In summary, our novel R3(2+1)D-SLR network marks a significant advancement in SLR by effectively merging R3D and R(2+1)D convolution blocks. This innovative approach facilitates a deeper understanding and a more accurate capture of sign language’s complex spatial and temporal dynamics. Together with this proposed network, our comprehensive methodology integrating the fusion of body, hands, and face features based on pose data consistently outperformed and surpasses the work in the existing literature on various datasets and under different background conditions.

Our future work will focus on exploring alternative classifiers to the SVM used in our proposed SLR system and optimizing their hyperparameters.
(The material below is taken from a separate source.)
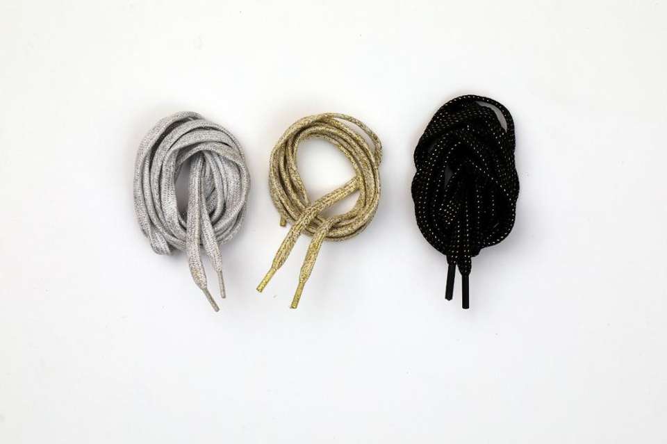 Accesorio con capucha de cordón plano y elástico de poliéster Par perfecto de cordones Muestra gratis
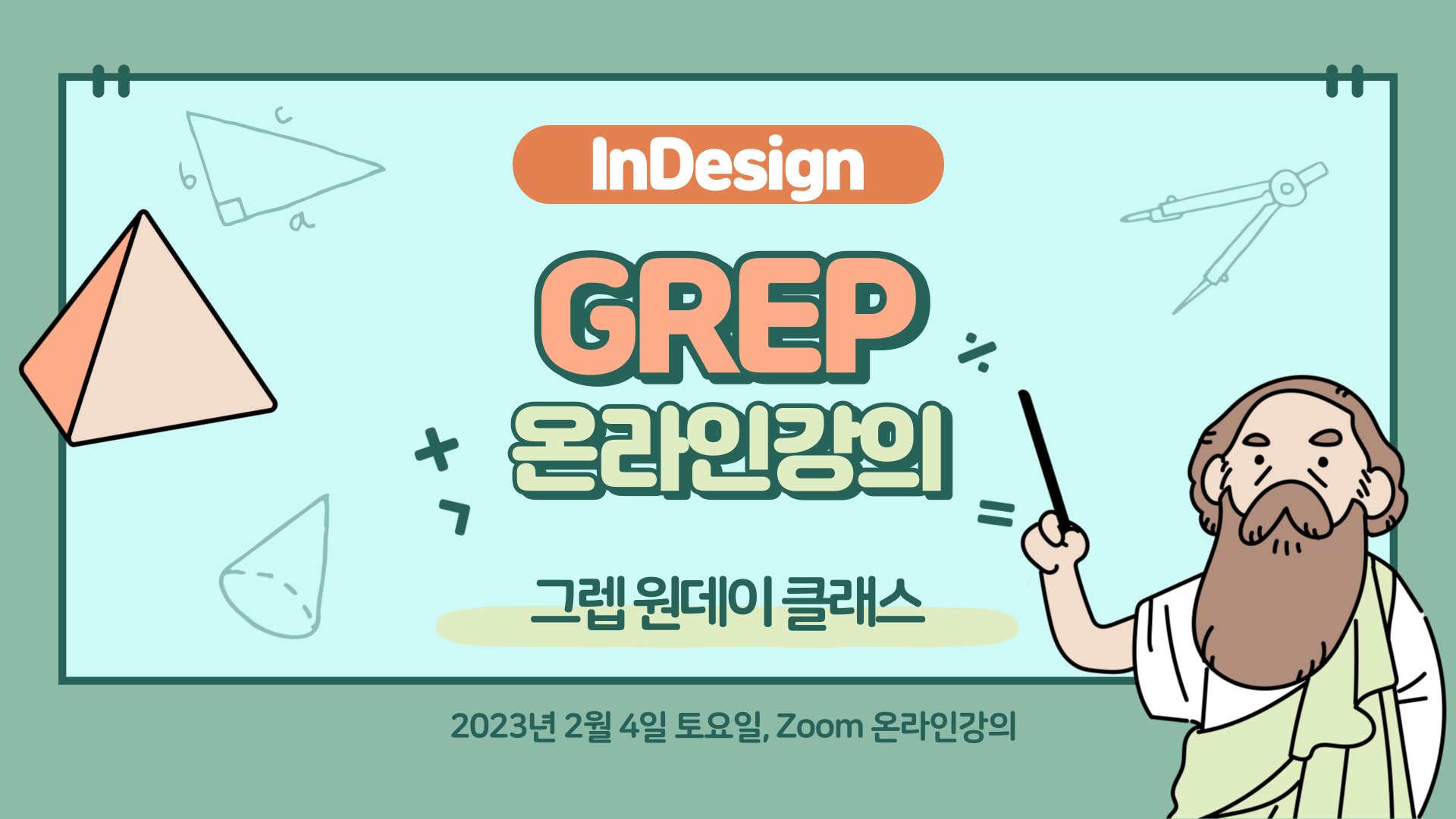 일시: 12월 17일 토요일 장소: 줌 줌 온라인 강의시간: 12:30 ~ 5:30 (5시간 강의) GREP란? 그렙은 반나절이 소요되는 수정작업을 10분만에 끝내는 데 도움이 되는 강력한 검색/교환 도구입니다.이번 One Day GREP 강의를 통해 인디자인 스킬을 레벨업 해보세요.단순 수정 작업이 놀라울 정도로 간단해집니다.강의 내용에는 그레브뿐만 아니라 겹쳐 입는 스타일의 사용법도 포함되어 있습니다.이런 분들께 추천드립니다.GREP을 사용해보고 싶지만 방법을 몰라서 고민중인 디자이너, 편집자, 프리랜서, 1인 출판 강의 신청 및 결제하러 가기

In particular, going beyond direct feature fusion, we aim to explore the potential of alternative ensemble techniques such as boosting, bagging, and stacking to more effectively integrate and evaluate different feature sets. We will also focus on the robustness and adaptability of the SLR system, examining the integration of additional data augmentation techniques in addition to background variations to increase the model’s adaptability to various environmental conditions. Together, these efforts aim to propel SLR technology forward, improving communication access and inclusivity for the deaf and hard-of-hearing.